Bregor · 2018-08-20T15:49:59Z

Following this code without ability to set GUNICORN_WORKERS we have number of workers equal to number_of_cpus*4+1.
Django's default behaviour is to open connection per worker for GUNICORN_WORKERS times and keep them opened for CONN_MAX_AGE seconds.
CONN_MAX_AGE is strictly set right in code for 600 seconds and max_connections parameter of PostgreSQL in deis-database strictly set to 100 too.
So, lets imagine, we have a big metal chassis with 40 CPUs.
Our GUNICORN_WORKERS variable will be equal to 40*4+1=161 (which is already greater than 100), also, we have CONN_MAX_AGE parameter equal to 600 seconds.
This way after 500 seconds (health check is once per 5 seconds, 100 times) queries like SELECT 0 which are results of health check will own all 100 connections to PostgreSQL.

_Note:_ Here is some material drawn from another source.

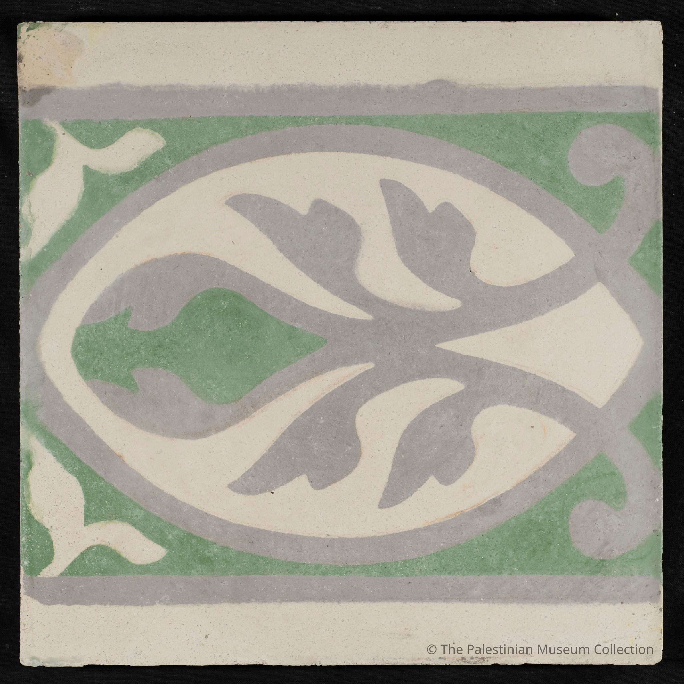 بلاطة زنار إسمنتيّة ملوّنة بحجم 20 × 20 سم. وهي نموذج حديث سُكبت في قالب يمتلكه مصنع أصلان للبلاط في نابلس يعود إلى عشرينيات القرن العشرين.Made/Created

The text was updated successfully, but these errors were encountered:

kingdonb · 2018-08-20T16:53:34Z

So do you need to change CONN_MAX_AGE? I'm not sure why

It's clear at least that you probably don't really want 161 workers on a 24-CPU controller node, unless it's intended to serve a lot of devs concurrently... but I'm not sure how changing CONN_MAX_AGE will help anything.

You need to reduce the number of workers, or increase the number of allowed connections.

It makes sense to me that, any workers that can't get a database handle cannot help at all. Timing them out won't make things better (well, maybe that's wrong... even with 161 healthy workers, you probably wouldn't want 161 idle database connections to remain persistent at all times unless you actually had 161 currently active workers serving client requests.)

kingdonb · 2018-08-20T16:57:57Z

I don't see any reason we can't add both of these to controller params, I'm just not sure if we should also add a configuration option for the number of connections allowed to the database while we're in there. (You might actually want to serve thousands of concurrent app developers, and maybe the default value of GUNICORN_WORKERS is actually what you wanted.)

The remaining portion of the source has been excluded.